The nature of ordinary consciousness:
  1. Ordinary state of consciousness is not natural or given.
  2. Most of our lives are spent in consensus reality made by our culture.
  3. Consciousness, not our sense organs, is really our origin of perception, and one way to begin to see the arbitrariness of our consciousness is to apply the assumption that order of consciousness is somehow natural or given to the perceptual situation.
  4. Most of us deal with this agreement by simply assuming that those who disagree with us or wrong, but our own perceptions and consciousness are the standard of normality and righteousness, and that other people cannot observe or think well and / or are lying, evil, or mentally ill.
  5. Perception can be highly selective and filtered.
  6. Unknown information passes right through the mind without making a match.
  7. Enculturation
    1. The culture trains in you what is "good", "holy", "natural", and what is "bad", "evil", "unnatural." They reward you for the good and punish you for the bad.
    2. The culture you live in thinks its culture is the best, and other cultures are bad.
    3. Stages of culturation
      1. Infancy
        1. A person's innate learning capacity may be highest of all in infancy, for the infant has to learn to construct the consensus reality of his culture.
        2. The structuring / programming of our consciousness that takes place in early infancy is probably the most persistent and most implicit of all the programming and learning, for at that time we have no other framework to compare it with.
      2. Childhood
        1. Attained a basic membership in the consensus reality of his culture but not complete his consciousness is shaped to fit consensus reality is through the medium of language.
      3. Adolescence
        1. Very much a member of the consensus reality of his culture: his  ordinary state of consciousness is well adapted to fit into it.
        2. A fair degree of control over his physical environment.
      4. Adulthood
        1. Full-fledged members of the consensus reality: they both maintain it through their interaction with their peers and are shaped by and by parts of it.

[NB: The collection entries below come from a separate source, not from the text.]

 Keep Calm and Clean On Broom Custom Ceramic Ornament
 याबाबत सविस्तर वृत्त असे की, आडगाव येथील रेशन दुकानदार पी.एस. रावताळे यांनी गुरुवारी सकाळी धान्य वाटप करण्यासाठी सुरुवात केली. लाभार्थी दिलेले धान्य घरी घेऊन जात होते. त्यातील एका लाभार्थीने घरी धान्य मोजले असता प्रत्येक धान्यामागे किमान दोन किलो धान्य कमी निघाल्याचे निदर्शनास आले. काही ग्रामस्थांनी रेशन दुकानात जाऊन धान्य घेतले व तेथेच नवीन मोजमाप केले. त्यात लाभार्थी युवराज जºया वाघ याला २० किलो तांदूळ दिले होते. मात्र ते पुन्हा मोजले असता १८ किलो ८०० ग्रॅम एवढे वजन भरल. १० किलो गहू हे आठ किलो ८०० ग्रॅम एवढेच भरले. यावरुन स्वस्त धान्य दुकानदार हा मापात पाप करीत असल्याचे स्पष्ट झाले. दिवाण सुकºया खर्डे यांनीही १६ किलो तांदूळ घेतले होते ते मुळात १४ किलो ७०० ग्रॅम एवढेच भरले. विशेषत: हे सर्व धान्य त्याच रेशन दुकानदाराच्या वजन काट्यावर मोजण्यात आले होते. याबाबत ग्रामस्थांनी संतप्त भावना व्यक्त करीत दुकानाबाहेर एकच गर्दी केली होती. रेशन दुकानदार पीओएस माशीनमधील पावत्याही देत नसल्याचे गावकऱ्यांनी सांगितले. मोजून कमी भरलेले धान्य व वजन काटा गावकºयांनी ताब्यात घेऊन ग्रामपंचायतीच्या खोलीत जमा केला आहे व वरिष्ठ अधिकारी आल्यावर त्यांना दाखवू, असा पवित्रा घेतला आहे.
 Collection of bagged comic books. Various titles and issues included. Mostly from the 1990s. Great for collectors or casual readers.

        2. Because of the power over physical reality given them by their consensus reality state of consciousness, adults are the most free; yet, because they are the most thoroughly indoctrinated in consensus reality, they are the most bound.
      5. Senescence
        1. Potentials deteriorating, breakdown may alter the structure.

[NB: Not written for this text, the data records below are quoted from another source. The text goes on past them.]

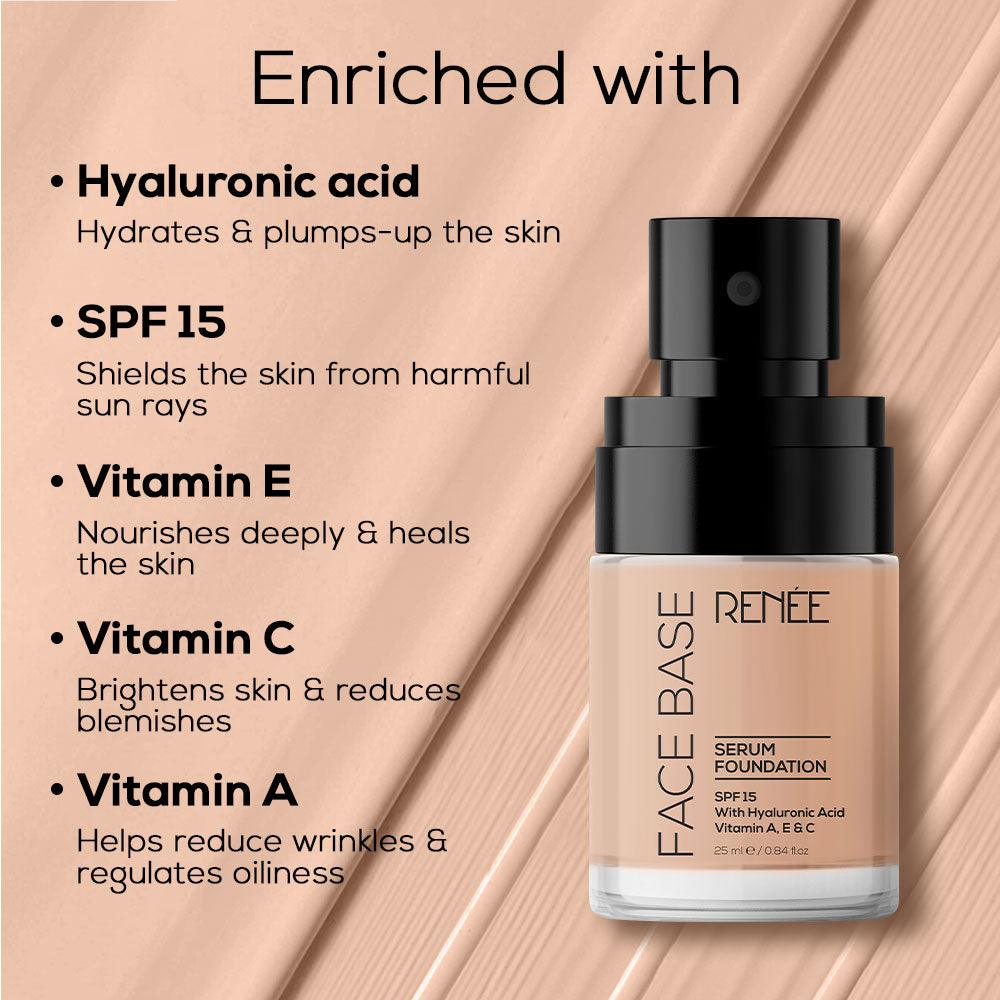 RENEE Face Base Serum Foundation is sure to be your skin's new best friend! With SPF 15 protection, it combines velvety touch of a luxurious foundation with the nurturing embrace of an all-in-one serum. While Hyaluronic acid hydrates and plumps your skin, essential Vitamin C brightens the skin & reduces blemishes, Vitamin A smoothens the skin & Vitamin E nourishes the skin deeply and heals it. Its ultralight and nourishing formula glides as smoothly as a ballerina on ice, leaving you with a sheer coverage and a dewy glow.
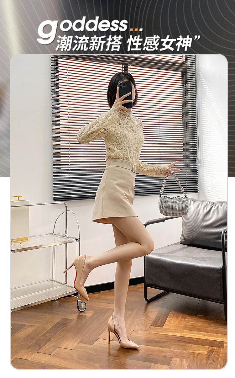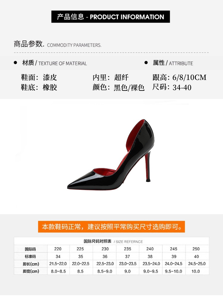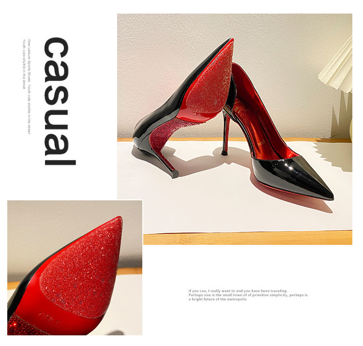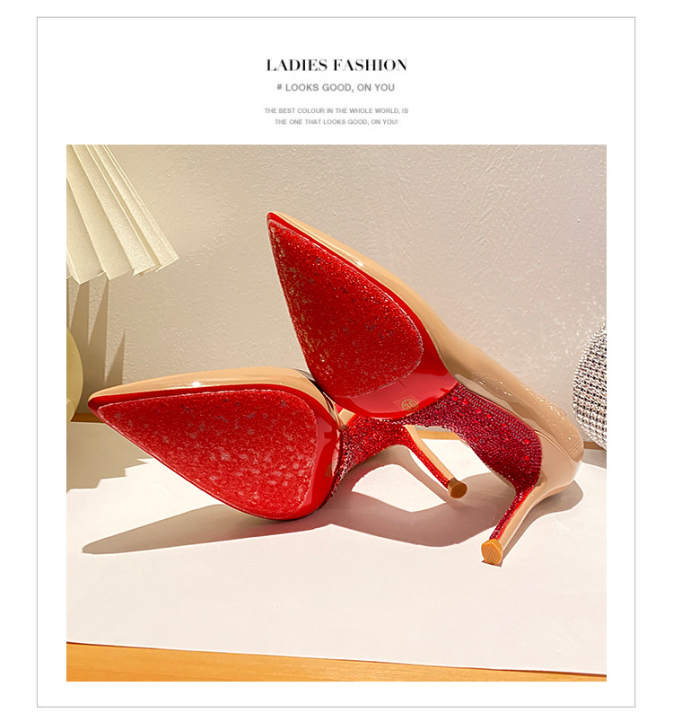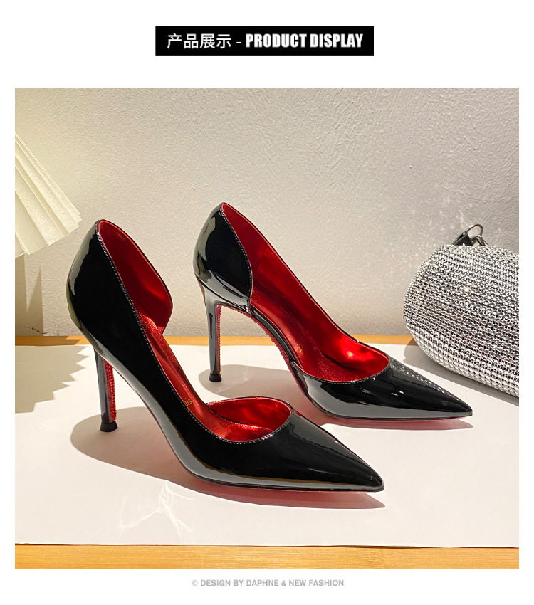 2025新款水钻尖头侧空性感裸色高跟鞋女绝美细跟气质黑色漆皮单鞋
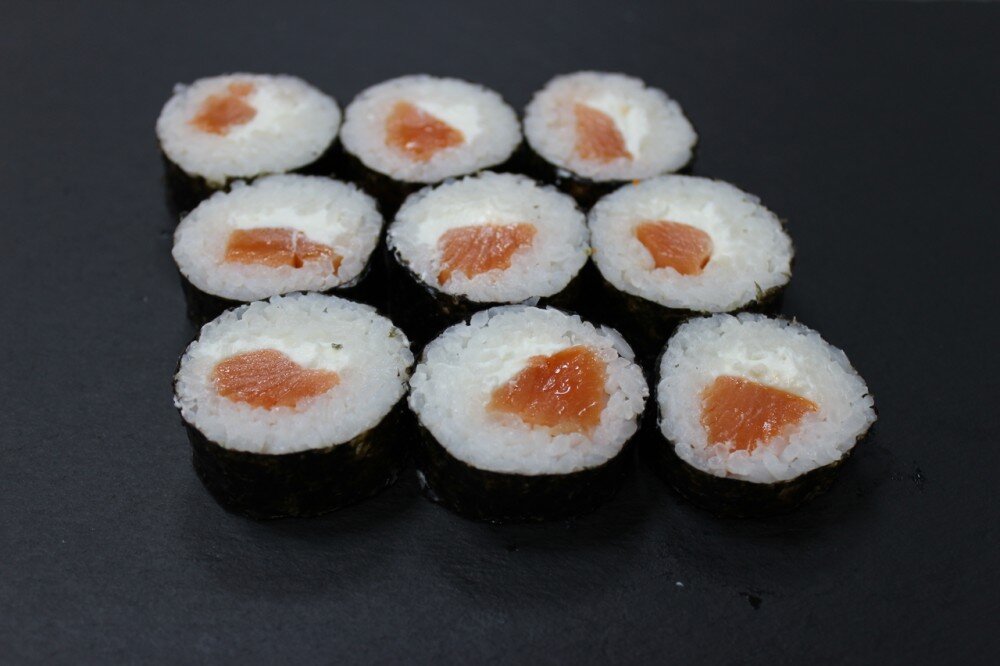 Лосось с/с, сливочный сыр, рис, нори. ИМБИРЬ, ВАСАБИ, СОЕВЫЙ СОУС И ПАЛОЧКИ В КОМПЛЕКТ НЕ ВХОДЯТ.
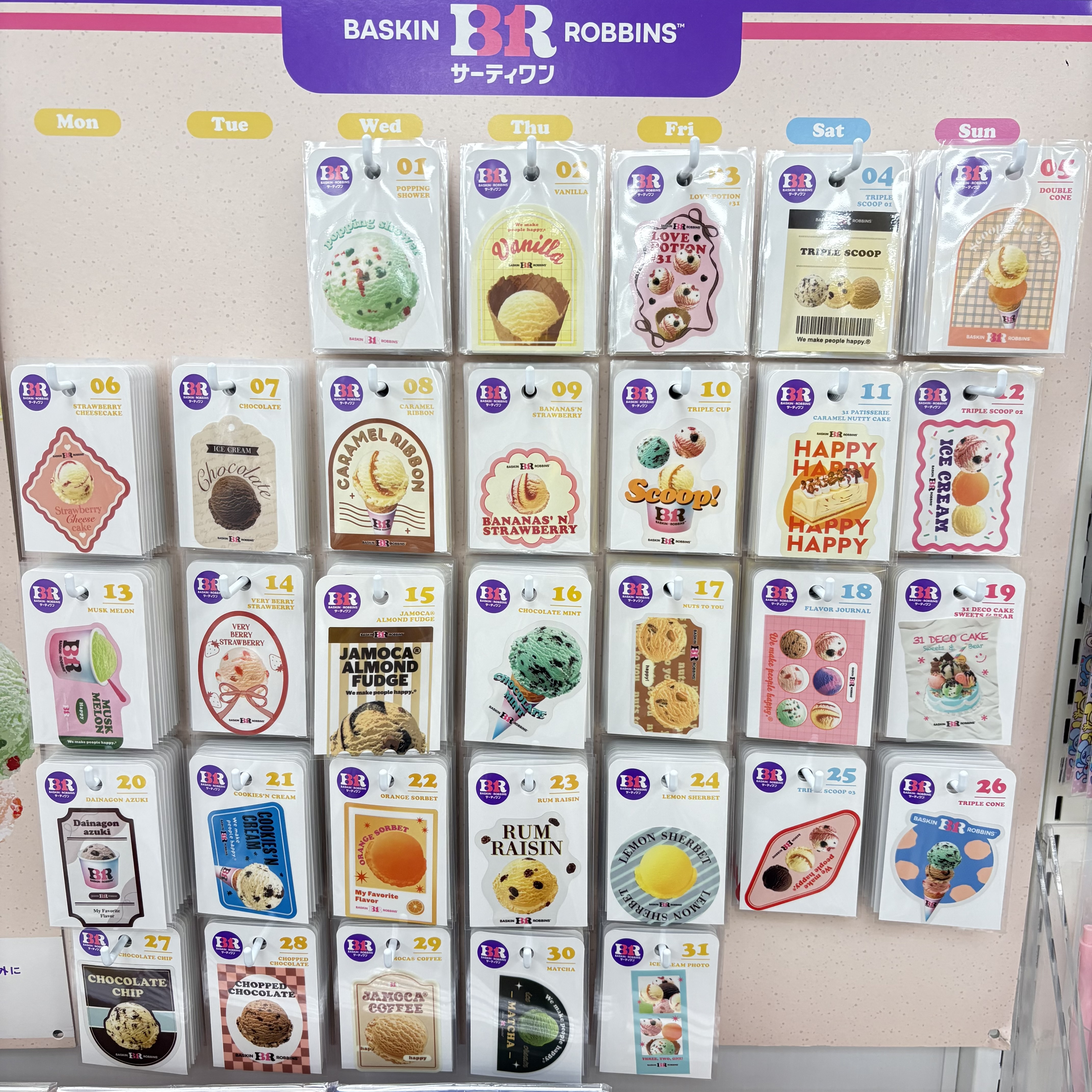 『31日、毎日違ったフレーバーを』というコンセプトのもと、31種類のフレーバーを展開するサーティワンアイスクリームとコラボしたステッカーが登場しました!お気に入りのフレーバーは見つかりましたか?生まれた日のフレーバーは何でしたか?ぜひ売り場で探してみてください!

        2. To old to participate actively in the affairs of his culture.
  8. The complexity of consciousness.
    1. Mental
      1. Cognitive experience
      2. Philosophies and world views
      3. (Implicit) beliefs
      4. Perceptual learning, conditionings, language structure, and a priori categories.
    2. Emotional
      1. Emotional experience
      2. Likes and dislikes
      3. Defense mechanisms in unconscious complexes.
      4. Pleasure-pain conditioning and instincts.
    3. Bodily
      1. Bodily experience
      2. Complex skills and style of movement.
      3. Chronic muscle sets and posture.
      4. Reflexes, instincts, and simple motor patterns.
    4. Combination of one or two
Discrete states of consiousness:
  1. Mapping experiences
    1. Types of consciousness
      1. Ordinary consciousness
        1. Low ability to hallucinate.
        2. High rationality
      2. REM dreaming
        1. High ability to hallucinate.
        2. Low rationality
      3. Lucid dreaming
        1. High ability to hallucinate.
        2. High rationality
  2. Definition
    1. A unique configuration or system of psychological structures or subsystems.
    2. To understand a discrete states of consciousness, we must grasp the nature of the parts, psychological o structures/subsystems that compose it, and we must take into account the Gestalt properties that arise from the overall system-- that  properties that aren't an obvious result of their functioning of the parts.
  3. Discreteness of states of consciousness
    1. It's immediate experiential basis is usually Gestalt pattern recognition.
    2. There has been little or no mapping of the transition from the baseline state of consciousness to the altered state.
    3. Ego states during sleep.
      1. Intact ego state
        1. Filtered consensus reality well, and there was little or no feelings of loss of reality contact.
      2. Destructuralized ego state
        1. Content was bizarre.
        2. Reality contact was impaired or lost.
      3. Restructuralized ego state
        1. Contact with reality was lost.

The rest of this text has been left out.